On Ulysses: Joyce’s Book of Memory [P2]

Part 2 —

Proteus: Identity and Guilt

The question facing Stephen in “Proteus” is identity and its continuity across time. Explicitly, he asks “What is that word known to all men?” (3.335). Stephen immediately tells the reader that his question is motivated by feelings of depression and loneliness: “I am quiet here alone. Sad too. Touch, touch me” (3.335–6). What Stephen wants are the “strandentwining cables” that connect all people together, the humanistic values that allow for empathy and that he needs to write Ulysses. In other words, Stephen is searching for the soul, the ballast of the individual that remains “yet the same” (10.311) within the fluctuating, protean mind and body.

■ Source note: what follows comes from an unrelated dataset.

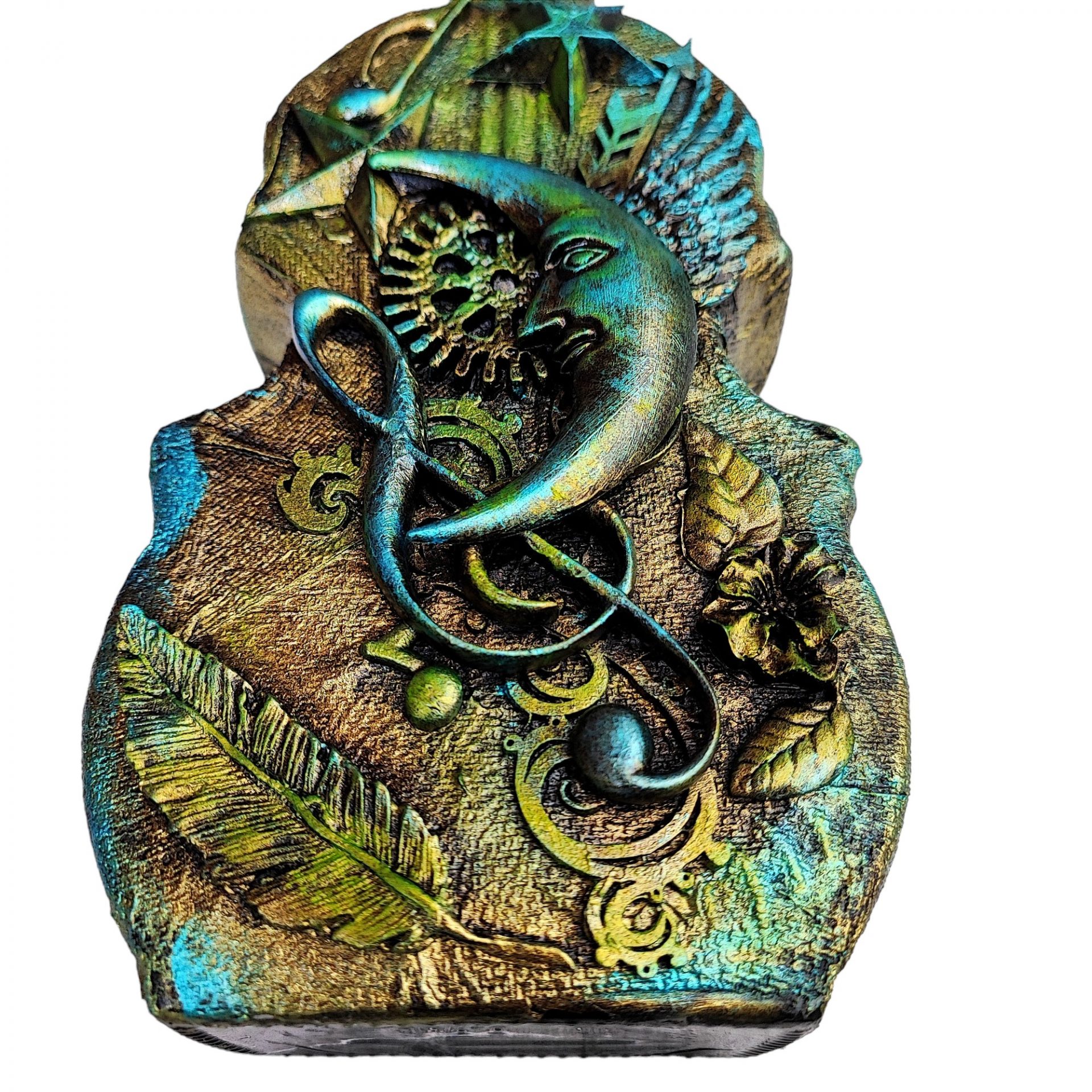 Violin-shaped glass bottle decorated with air-dried clay and resin embellishments. You can see a beautiful moon surrounded by stars, musical notes and steampunk elements.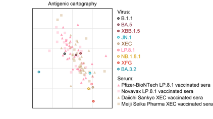 オミクロンLP.8.1株対応一価ワクチン(mRNAワクチン:ファイザー/ビオンテック社製、および、組換えタンパク質ワクチン:ノババックス/武田薬品工業社製)とオミクロンXEC株対応一価ワクチン(mRNAワクチン:第一三共社製、および、レプリコンワクチン:Meiji Seikaファルマ社製)を接種した人の接種後の血清の中和活性データを用いて液性免疫の交差性を比較した。図中の丸印はウイルス抗原、三角印もしくは四角印は血清を示す。

Judith Butler famously maintained that one’s previous identity does not determine one’s present behavior. Rather, we perform an identity that does not exist prior to the performance (Butler 1990, 171–180). Stephen agrees with Butler in “Scylla and Charybdis,” recognizing that his “Molecules all change” (9.205) yet he maintains “I, entelechy, form of forms, am I by memory because under everchanging forms” (9.208–9). Stephen wants to embrace the spontaneous possibilities of the present and future, but he continues to ruminate on the past. I argue that this conflict between the unstable present, the outside world that “you damn well have to see” (9.87), and the unchangeable past, the nightmare from which Stephen is trying to awake, is a major source of guilt and a challenge to Stephen’s quest to find his soul.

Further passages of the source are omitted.